• **What this task involves**:
An exact copy of the lines, starting at the top of the listing and ending with the line that has "Aplikacją Echo Taxi", is the required answer. Pictures are not part of it.

• **Recorded information**:

------------------------

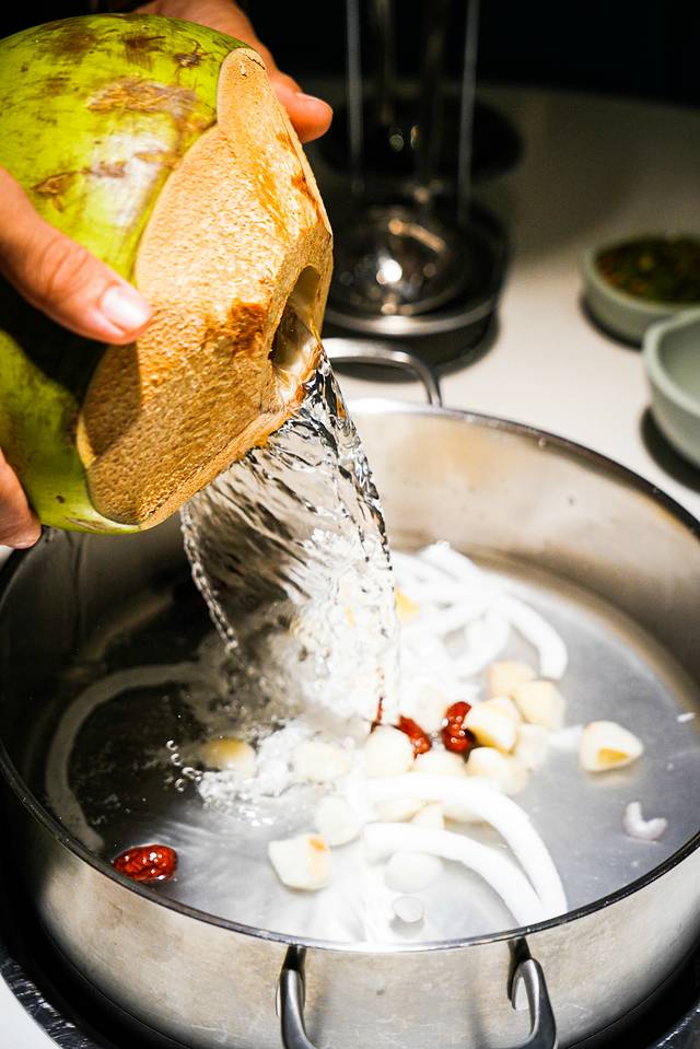 所谓的海南火锅,就是一个大锅里放三颗椰子的汁水,加入各色香料作为锅底。放入据说是,店家精挑细选的文昌鸡一起沸煮。煮出来的鸡肉,肉质鲜美,甜而不腻。入口鲜滑多汁,进肚后,口腔还留有回甘,简直令人回味悠长。本以为吃惯了辛辣的我们会觉得这火锅太甜腻,结果完全被这种特殊的滋味征服了。
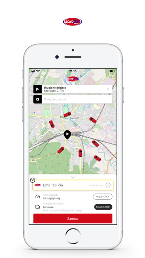 Aplikacją Echo Taxi zamówisz przewóz w mieście Piła i okolicy. Tapnij „ZAMÓW” lub wpisz adres, pod który ma podjechać taksówka w aplikacji Taxi Echo Piła a w kilka chwil będziemy na miejscu.
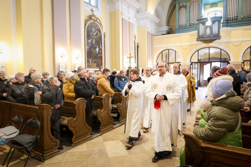Orgonaszóra, melyet a kivetítőn jeleztek, bevonult az asszisztencia és a papság, Nagy Sándor, a Katolikus Hallássérült Pasztoráció referense, a tabáni plébánia plébániai kormányzója és Martos Levente Balázs püspök.

------------------------

• **Response for this exercise**:
 所谓的海南火锅,就是一个大锅里放三颗椰子的汁水,加入各色香料作为锅底。放入据说是,店家精挑细选的文昌鸡一起沸煮。煮出来的鸡肉,肉质鲜美,甜而不腻。入口鲜滑多汁,进肚后,口腔还留有回甘,简直令人回味悠长。本以为吃惯了辛辣的我们会觉得这火锅太甜腻,结果完全被这种特殊的滋味征服了。
 Aplikacją Echo Taxi zamówisz przewóz w mieście Piła i okolicy. Tapnij „ZAMÓW” lub wpisz adres, pod który ma podjechać taksówka w aplikacji Taxi Echo Piła a w kilka chwil będziemy na miejscu.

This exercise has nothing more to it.